Giovanni Lindo Ferretti – Reduce

Fedeli alla linea la linea non c’è fedeli alla linea la linea non c’è fedeli alla linea la linea non c’è”.
Questa è parte del ritornello di CCCP brano programmatico cantato nel 1986 da Giovanni Lindo Ferretti per il suo gruppo, i CCCP.

reduce

Se non amate i CCCP/CSI non c’è un reale motivo per cui dovreste leggere questo libro. Almeno non credo! Da fan quale sono (concerti, testi a memoria, fanzine, copie su ogni supporto possibile di ogni disco..) non so se potrebbe davvero piacere a chi non è appassionato di questo gruppo. Parti molto gradevoli di storia familiare e di un ritorno alla natura, altre intrise di oscurantismo ultra cattolico… Il tutto scritto come le canzoni. Mi sarebbero bastate 10 righe per riconoscerlo. È sempre il solito Ferretti quello che pensa e quello che scrive. Così troviamo un’abbondanza di rime baciate non solo nelle poesie che compongono il volume, ma anche nelle prose; questo, che funzionava molto bene in musica, è forse un punto debole del suo stile di scrittore. Inoltre non mi va giù che liquidi tutto un passato di idee, posizioni et simili con uno scarno: ero giovane e sciocco. Avrei voluto che mi spiegasse come si passa da A a B, qual è il percorso… Invece sembra che tutto fosse già lì, sotto la scorza, pronto a uscir fuori… Non lo so. Ma d’altra parte ci aveva avvisato:”non fare di me un idolo, mi brucerò”
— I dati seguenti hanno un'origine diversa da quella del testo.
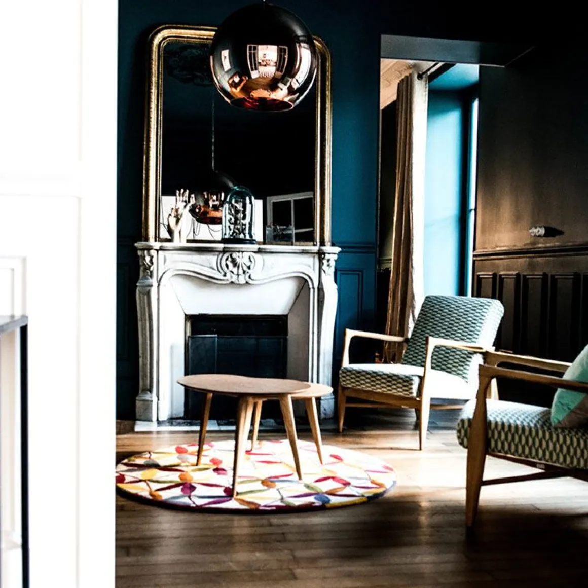 Matériaux : coussin en mousse HR bi-densité, piètement en chêne massif naturel ou teinté noir mat, revêtement en tissu ou velours
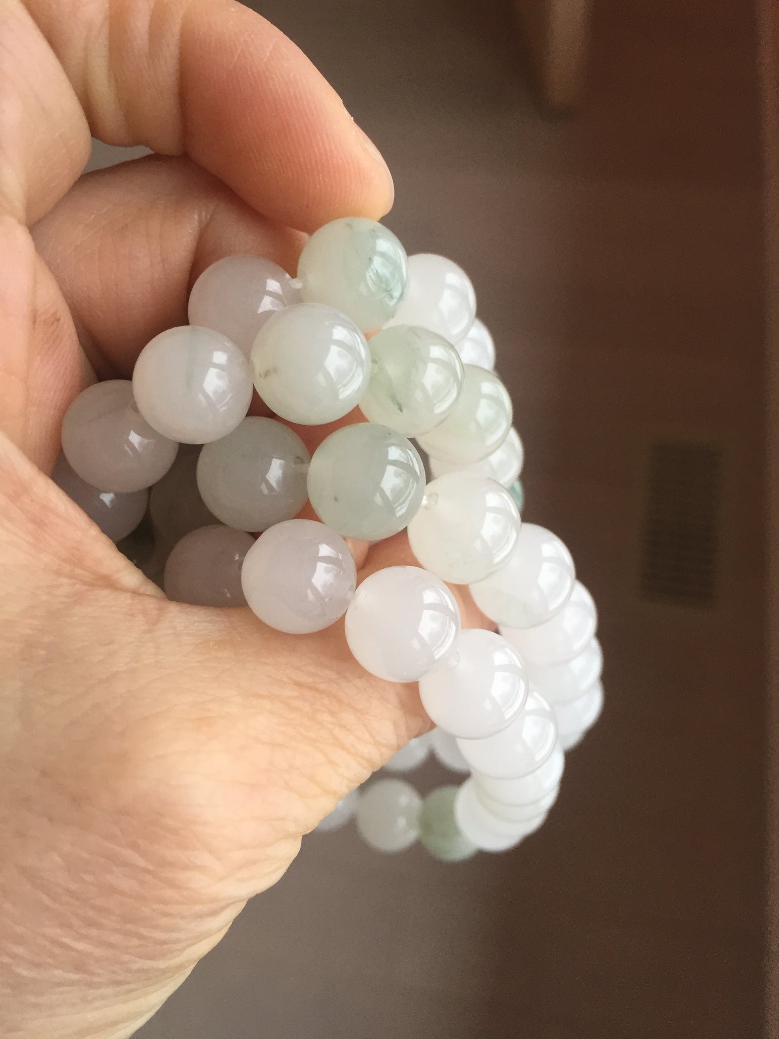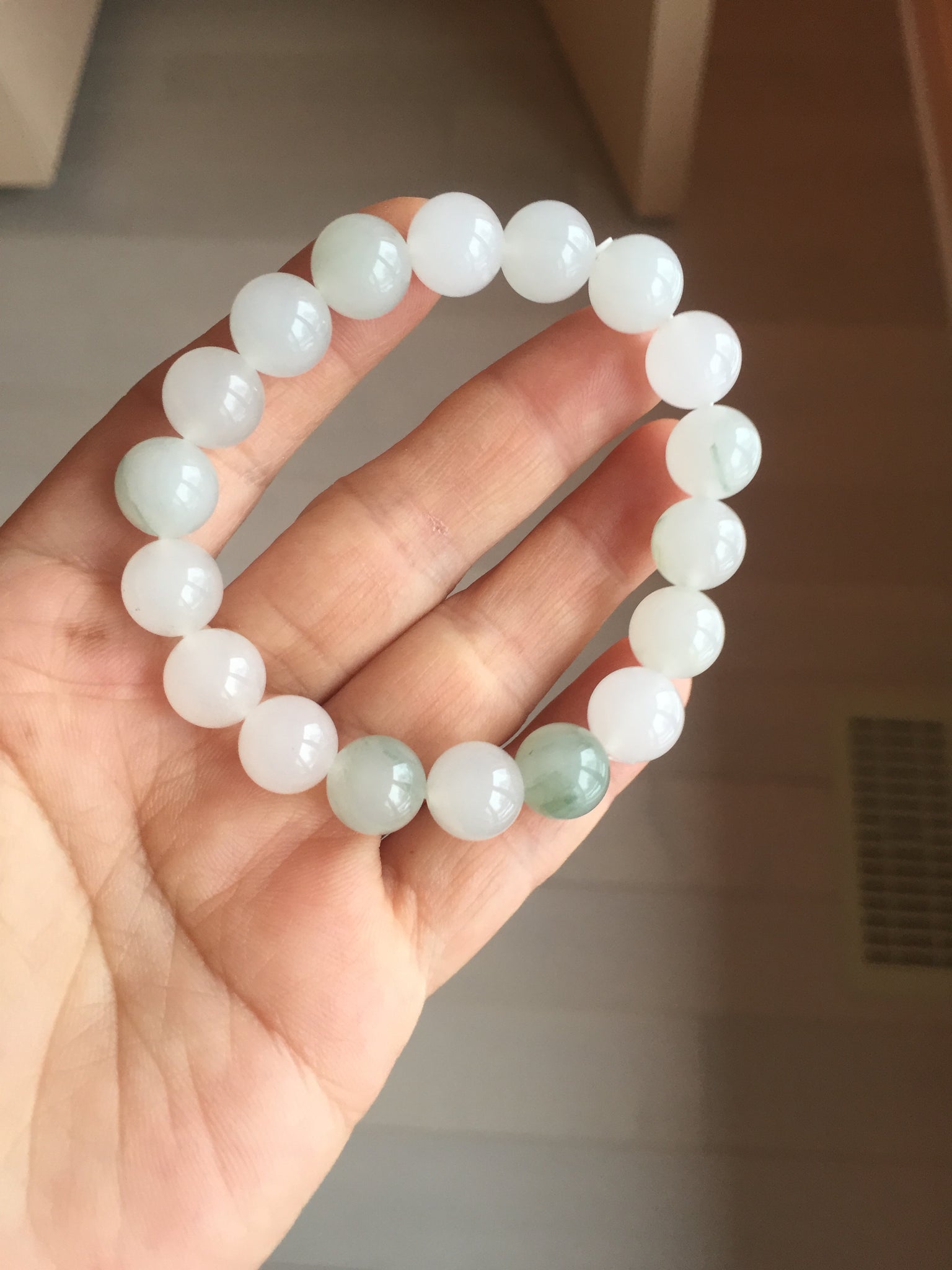 Bead size 10-10.5mm Icy watery. Good quality Quartzite. No crack.No hairline. The green areas may feel slightly different to the touch due to natural mineral differences.

Ci ripenso e magari lo rileggerò.

Sara R.

DESCRIZIONE

A partire dalla storia e dalla geografia della zona dell’Appennino emiliano da cui proviene la sua famiglia e dove lui stesso è nato, Giovanni Lindo Ferretti traccia una sorta di grande storia epica composta da diversi quadri, nei quali la vita dei suoi parenti e la sua si intreccia a quella del mondo circostante. Dal Sahara algerino alla Lisbona della Rivoluzione dei garofani, dalla Jugoslavia alla Mongolia, dal Salento al Sudafrica, da Reggio Emilia a Gerusalemme: i viaggi di Ferretti sono occasione di mille incontri e di mille riflessioni ma soprattutto segnano le tappe di una maturazione umana originalissima. Partito dal suo paesino appenninico, passato attraverso i sogni e le follie di un’intera generazione, Ferretti riscopre in giro per il mondo la strada che lo riporterà a casa, sui suoi monti, ad allevare i suoi cavalli.